### [EXCERPTED RECORDS]
----

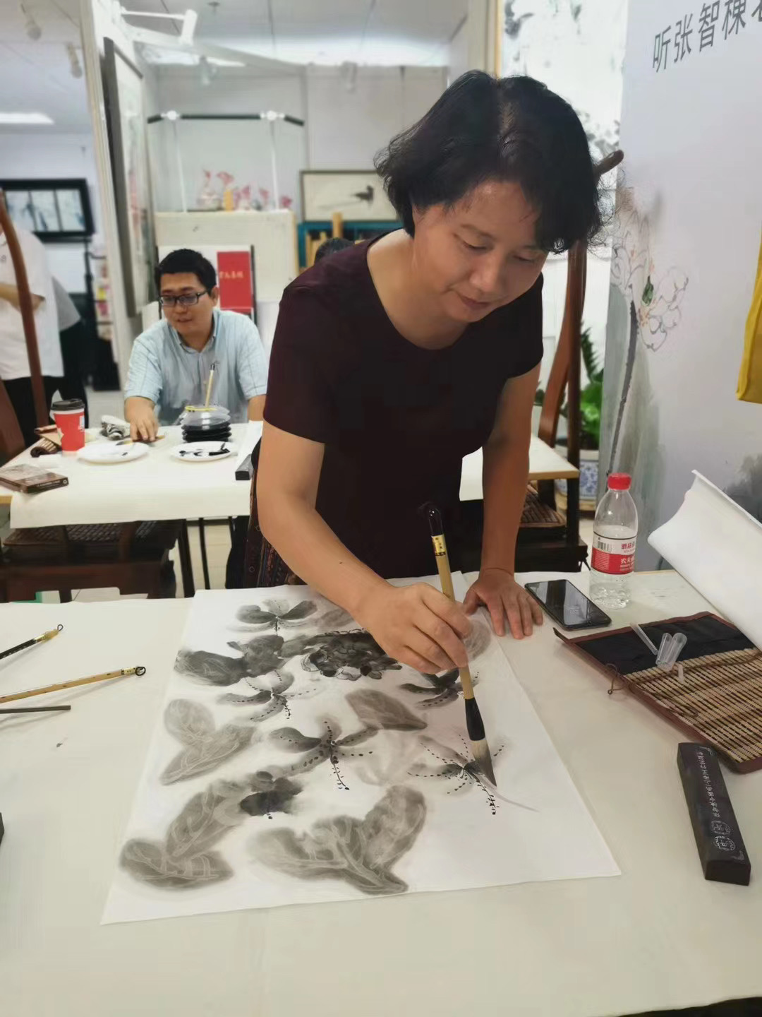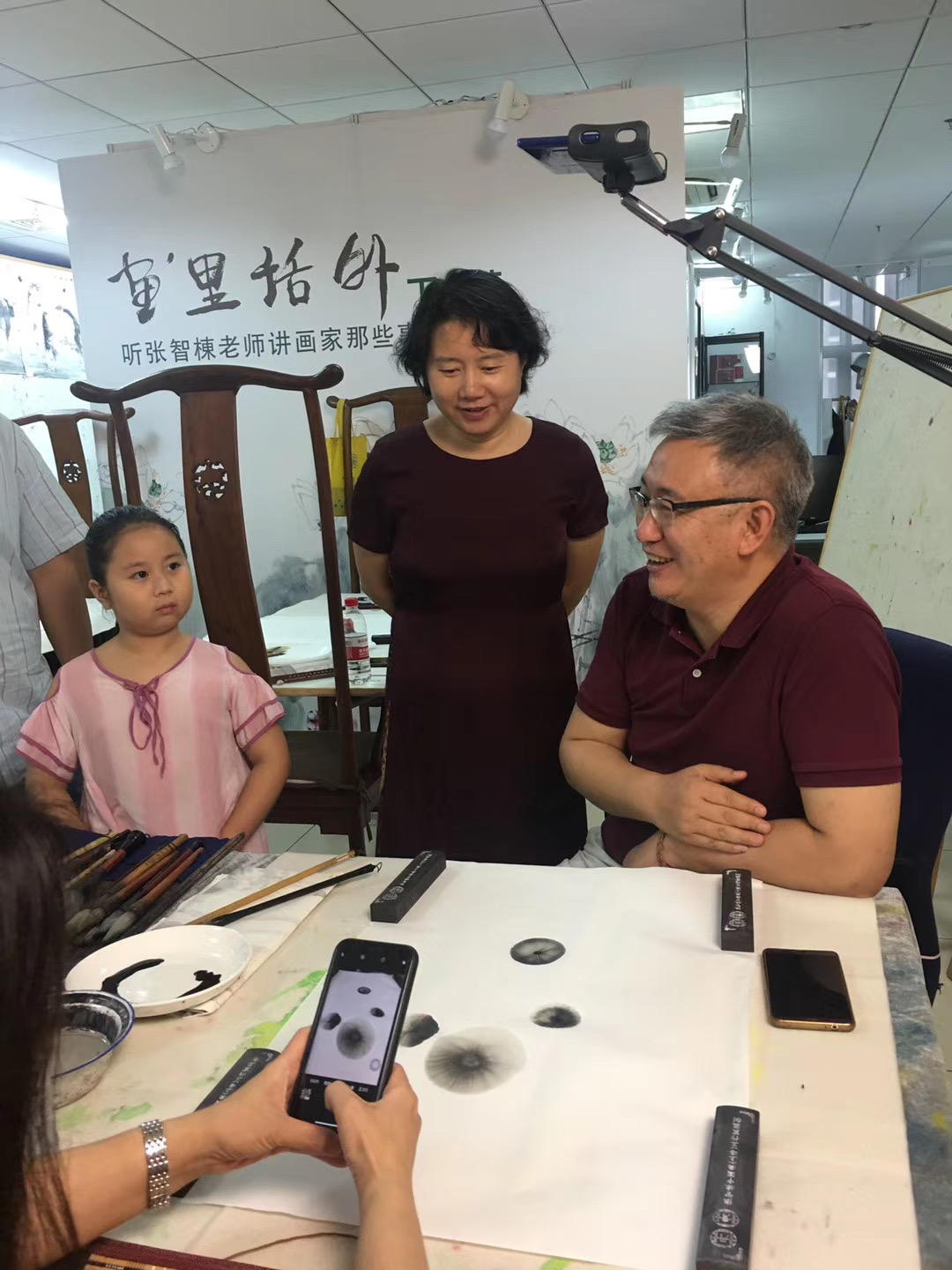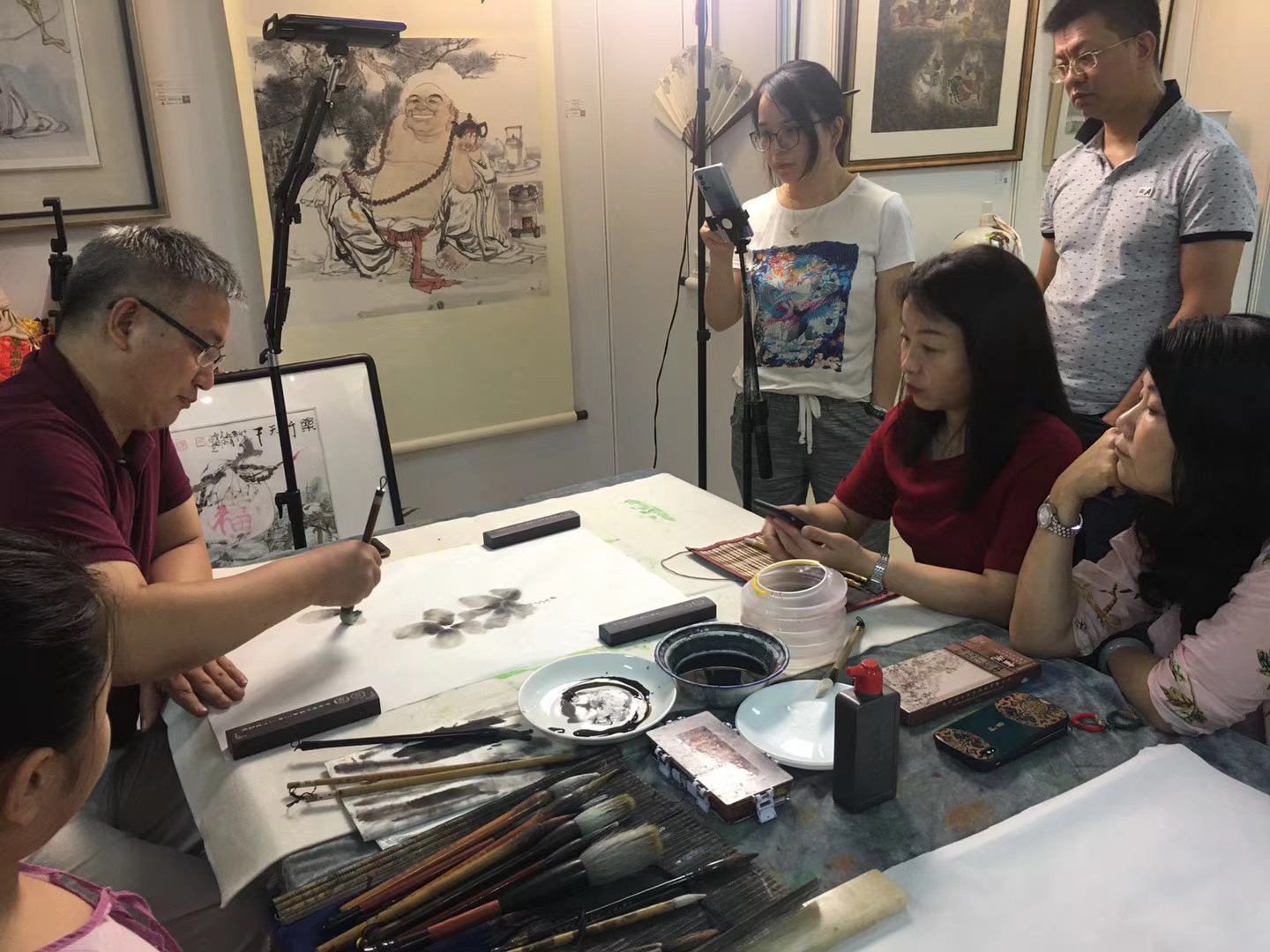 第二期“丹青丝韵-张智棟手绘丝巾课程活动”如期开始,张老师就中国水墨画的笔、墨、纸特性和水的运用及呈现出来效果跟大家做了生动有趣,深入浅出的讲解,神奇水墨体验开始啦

----

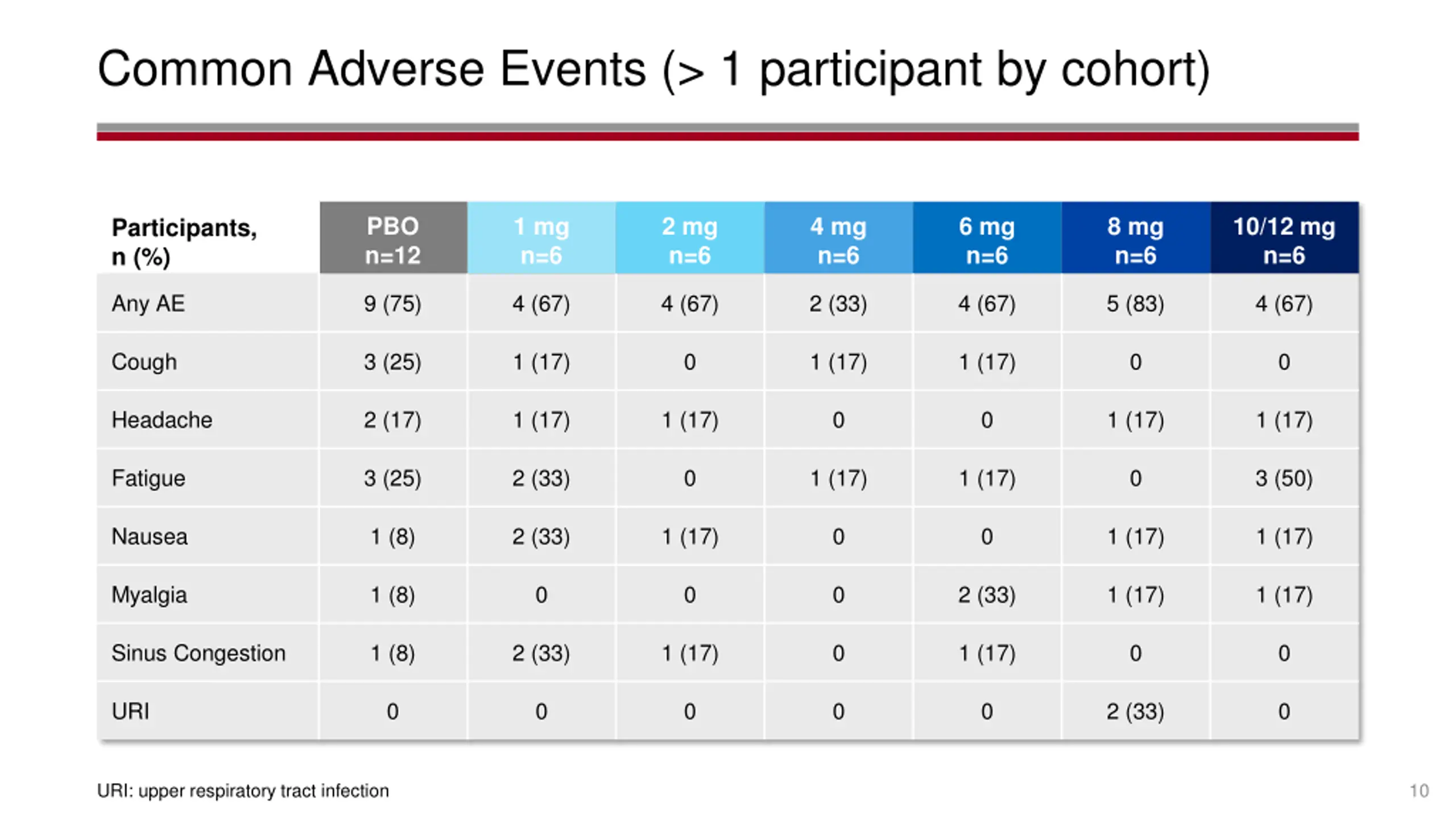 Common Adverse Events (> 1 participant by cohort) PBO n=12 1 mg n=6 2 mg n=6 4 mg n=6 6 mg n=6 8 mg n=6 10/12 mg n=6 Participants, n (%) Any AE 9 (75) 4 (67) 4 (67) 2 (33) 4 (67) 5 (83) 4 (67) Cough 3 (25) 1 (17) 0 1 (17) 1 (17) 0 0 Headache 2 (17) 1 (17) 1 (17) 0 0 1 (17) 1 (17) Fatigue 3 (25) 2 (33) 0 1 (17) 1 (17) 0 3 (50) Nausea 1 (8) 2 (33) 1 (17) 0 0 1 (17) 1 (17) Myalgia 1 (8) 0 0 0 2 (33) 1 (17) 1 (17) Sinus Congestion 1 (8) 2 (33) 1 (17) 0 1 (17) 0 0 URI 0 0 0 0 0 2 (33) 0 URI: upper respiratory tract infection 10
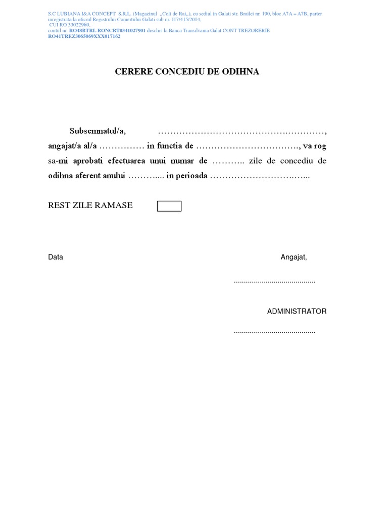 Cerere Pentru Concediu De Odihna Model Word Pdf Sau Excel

----

### [INSTRUCTIONS FOR THE TASK]
Using the data above, retype exactly the lines from the line with "Common Adverse Events" to the line with "Cerere Pentru Concediu", inclusive. No pictures and nothing else.

### [TASK SOLUTION]
 Common Adverse Events (> 1 participant by cohort) PBO n=12 1 mg n=6 2 mg n=6 4 mg n=6 6 mg n=6 8 mg n=6 10/12 mg n=6 Participants, n (%) Any AE 9 (75) 4 (67) 4 (67) 2 (33) 4 (67) 5 (83) 4 (67) Cough 3 (25) 1 (17) 0 1 (17) 1 (17) 0 0 Headache 2 (17) 1 (17) 1 (17) 0 0 1 (17) 1 (17) Fatigue 3 (25) 2 (33) 0 1 (17) 1 (17) 0 3 (50) Nausea 1 (8) 2 (33) 1 (17) 0 0 1 (17) 1 (17) Myalgia 1 (8) 0 0 0 2 (33) 1 (17) 1 (17) Sinus Congestion 1 (8) 2 (33) 1 (17) 0 1 (17) 0 0 URI 0 0 0 0 0 2 (33) 0 URI: upper respiratory tract infection 10
 Cerere Pentru Concediu De Odihna Model Word Pdf Sau Excel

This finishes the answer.